It is a widespread misconception that sex offenders commit additional sex crimes at alarmingly high rates. This myth has had tremendous impact on court decisions and policy making.

The use of dubious statistics in major cases like Smith v. Doe and McKune v. Lile has created a dangerous precedent with lasting effects. In their article, “Frightening and High”: The Supreme Court’s Crucial Mistake About Sex Crime Statistics, Ira Mark Ellman and Tara Ellman describe the source of these exaggerated claims.

The phrase “frightening and high”—describing the recidivism rate for sex offenders—was used in both cases and has been used in almost 100 judicial opinions since.

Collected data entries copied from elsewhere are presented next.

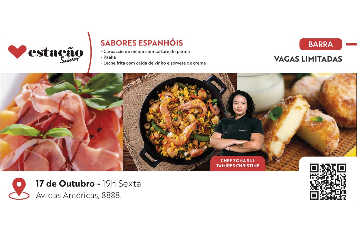 O percurso começa com a leveza e sofisticação do Carpaccio de Melon com Tartare de Parma, segue para o prato mais emblemático da Espanha, a Paella, que reúne ingredientes frescos em uma explosão de sabor e textura, e finaliza com a doçura marcante da Leche Frita com Calda de Vinho e Sorvete de Creme.
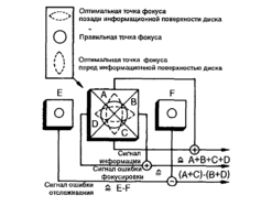 В зависимости от положения диска цилиндрическая линза создаёт на основной матрице световое пятно круглой формы, если фокусировка – правильная, и эллиптической формы, если диск не в фокусе. Причем положение большой оси эллипса зависит от знака отклонения. Это позволяет сформировать информационный сигнал (А+В+С+D) и сигнал ошибки фокусировки ((А+С)-(В+D)). Сигнал ошибки фокусировки усиливается и поступает в катушку, управляющую положением объектива, т.е.обеспечивается автоматическая фокусировка луча. Излучение боковых лепестков создаёт на поверхности диска два пятна, которые при правильном положении основного луча располагаются справа и слева от дорожки. Свет, отраженный от этих пятен, принимается фотодиодами Е и F. Сигналы этих фотодиодов формируют сигнал ошибки трекинга Е – F, восстанавливающий правильное положение основного луча на дорожке записи. Информационный сигнал, снятый с фотоприёмника, не может быть декодирован, т.к. имеет форму импульсов далекую от прямоугольной (см. рис. 12).
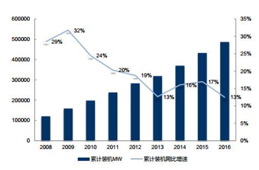 2016 年行整體增速放緩。 風(fēng)電行業(yè)一直保持著世界增長最快的能源地位。在 2001 年至 2015 年間,全球風(fēng)電累計裝機容量的年復(fù)合增長率為 22.99%, 累計總裝機容量從 23,900MW 增至 432,883MW。 而2016 年全球風(fēng)電市場新增裝機容量 54.6GW,同比下滑 14%。 截止 2016 年底,全球累計裝機容量達(dá)到 486.7GW。
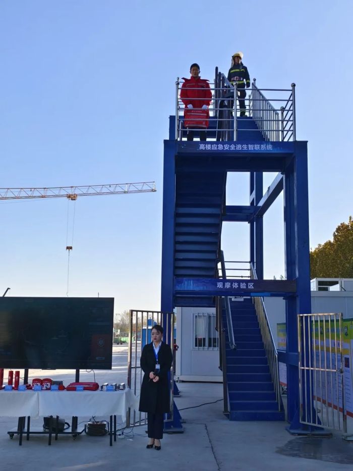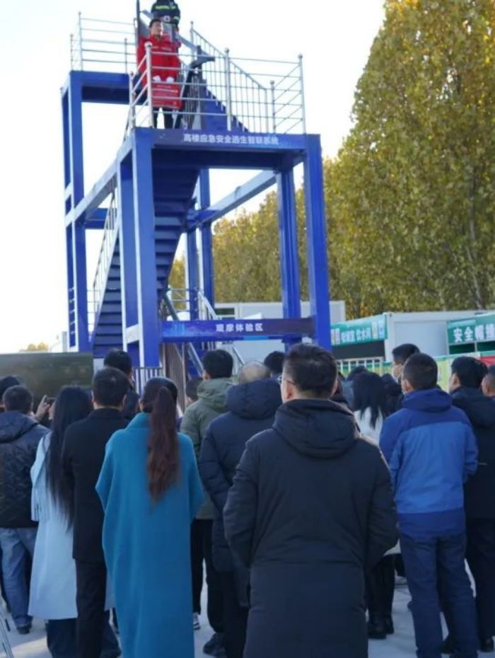 本次观摩会由现场观摩和会议座谈两部分组成,观摩会设置在市级重点项目水城之心应急安全科创谷,现场 1:1 还原了“高楼应急安全逃生智联系统”的钢结构展示架,便于与会嘉宾沉浸式体验和观摩,同时,该系统也是水城之心应急安全科创谷项目开发建设的四大亮点之一,可有效解决城市高层建筑遇灾人员自救逃生难题,补齐城市高层建筑应急疏散基础设施建设短板,技术先进、性能可靠、操作简便,极大程度增加逃生几率。通过现场观摩和研讨,与会嘉宾纷纷对该系统的高效、有序、快速下滑给予高度赞许,并表示项目的未来发展潜力及社会价值远远超出了他们的预期。
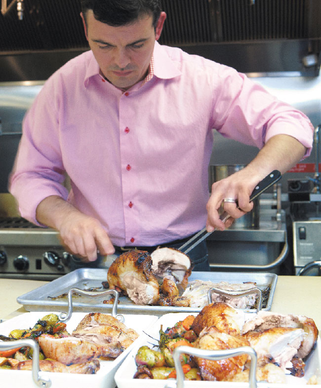 Kitchen Magic | After 15-20 minutes in the oven (when the skin starts to turn brown), Kieffer bastes the chicken with honey and ginger every five to seven minutes until it’s juicy, tender and fully cooked.
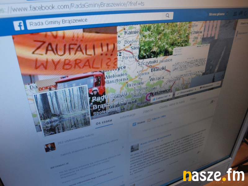 Facebookowy profil „Rada Gminy Brąszewice” istnieje prawie od roku. Prowadzi go jeden z radnych, Jacek Piotrowski. Na stronie zamieszcza informacje m.in. z przebiegu sesji czy rzeczy dotyczące poszczególnych uchwał.
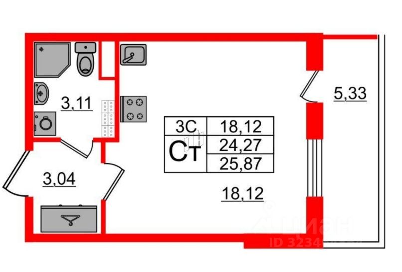 Общая площадь25,9 м2
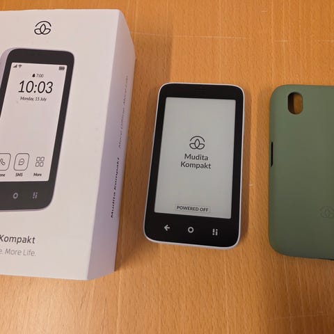 Sort Mudita Kompakt med blått deksel selges. Regner med de som er på jakt etter denne type telefon vet hvordan den virker.
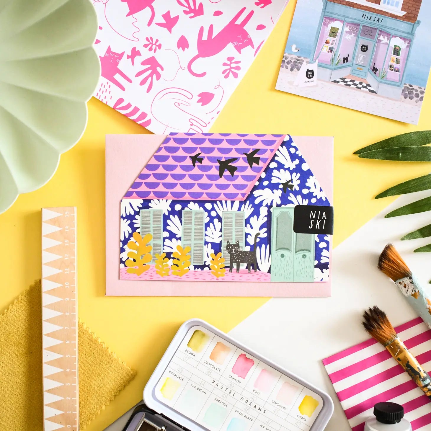 Combining a love of cats and a passion for art, illustrator and designer Nia Gould (‘Niaski’) has created a punny card range celebrating the life and times of artistic felines.
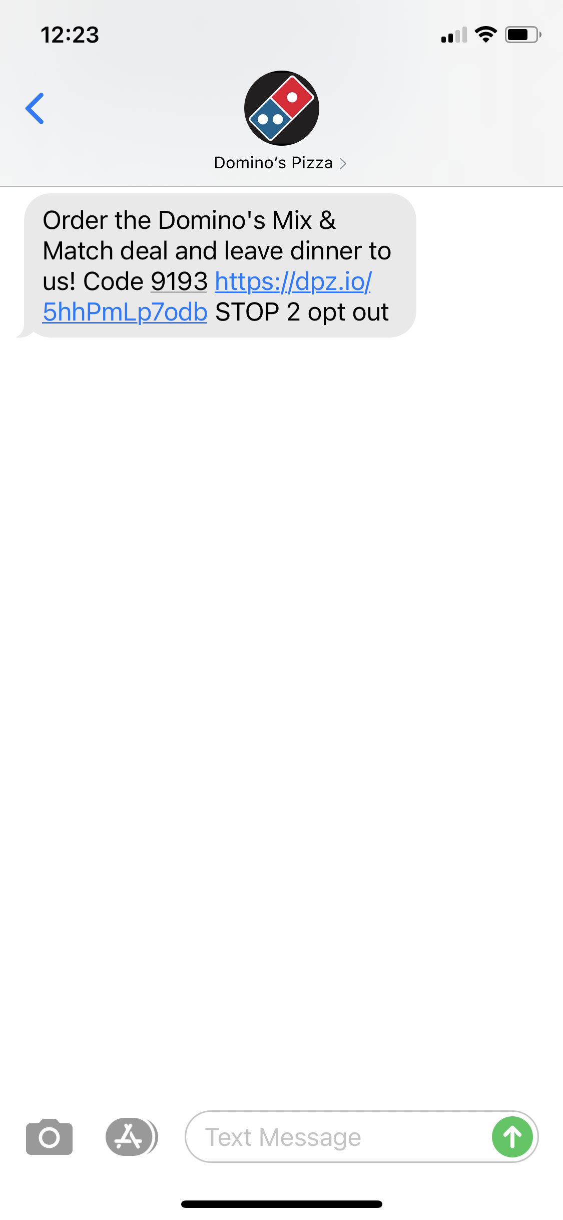 Domino's coupon for 50% off pizzas.
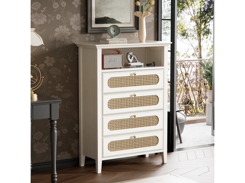 Buffet avec Rattan, Pieds en bois massif, Surface laquée

Proliferation of this phrase as justification for further punitive policies aimed at sex offenders demonstrates the influence these cases have had in propagating the myth of high recidivism rates.

The “statistic” quoted to justify claims of “frightening and high” recidivism rates has been traced back to a 1986 article from Psychology Today—a mass market publication, not a peer reviewed journal. Ellman and Ellman describe the “statistic” and its source:

That article has this sentence: “Most untreated sex offenders released from prison go on to commit more offenses– indeed, as many as 80% do.” But the sentence is a bare assertion: the article contains no supporting reference for it. Nor does its author appear to have the scientific credentials that would qualify him to testify at trial as an expert on recidivism. He is a counselor, not a scholar of sex crimes or re-offense rates, and the cited article is not about recidivism statistics. It’s about a counseling program for sex offenders he then ran in an Oregon prison. His unsupported assertion about the recidivism rate for untreated sex offenders was offered to contrast with his equally unsupported assertion about the lower recidivism rate for those who complete his program.

While the courts have utilized faulty information to justify the existence of punitive policies, it can be difficult to produce recidivism studies that consider every factor possible. Due to the umbrella nature of the sex offender registry in many states, it can be difficult to separate high risk offenders from their low risk counterparts—it seems obvious they would reoffend at different rates. Also, a successful study must differentiate between re-arrest (for a parole/probation violation, a non-sex crime, or ultimately not charged), re-offense (committing a new sex crime), and re-conviction (getting convicted for a new crime, sexual or non-sexual). The period since release from prison is important as well as many studies have shown sex offenders who have been offense-free for 15 years or more are less likely to commit new crimes.

In 2003 the U. S. Department of Justice released a study on sex offender recidivism: Recidivism of Sex Offenders Released from Prison in 1994. The study tracked 9,691 sex offenders released from prison in 1994 for a period of 3 years. Several factors were considered and the data are broken down into several categories, but the most basic statistics state that 5.3% of the sex offenders in the study were arrested for a new sex crime within 3 years of their release from prison and 3.5% were convicted for a new sex crime within 3 years. (A far cry from a “frightening and high” rate of 80%.)

In 2012, the State of Connecticut Office of Policy and Management put out a study: Recidivism Among Sex Offenders in Connecticut. It tracked 14,398 men released from prison in Connecticut for five years. Those tracked were divided into several groups based on offense and incarceration history. 746 of the men had served a prison sentence for a sex-related offense before being released in 2005. Over the next 5 years, 3.6% were arrested and charged for a new sex crime, 2.7% were convicted for a new sex offense, and 1.7% were returned to prison to serve a sentence for a new sex crime. (Certainly not even close to 80%.)

In 2005, P. Karl Hanson and Kelly E. Morton-Bourgon published a meta-analysis of sex offender recidivism studies: The Characteristics of Persistent Sexual Offenders: A Meta-Analysis of Recidivism Studies. This meta-analysis covers 82 recidivism studies that tracked 29,450 sex offenders. Per their findings, 13.7% sex offenders were arrested for a new sex offense and 36.2% recidivated with another type of offense. They conclude that sex offenders with antisocial inclinations are more likely to recidivate, just like any other type of convicted felon

The reality is, sex offenders have one of the lowest recidivism rates of any category of felon. Perpetuation of the high recidivism rate myth by the media is irresponsible and its utilization by those in power to pass punitive policies is reprehensible.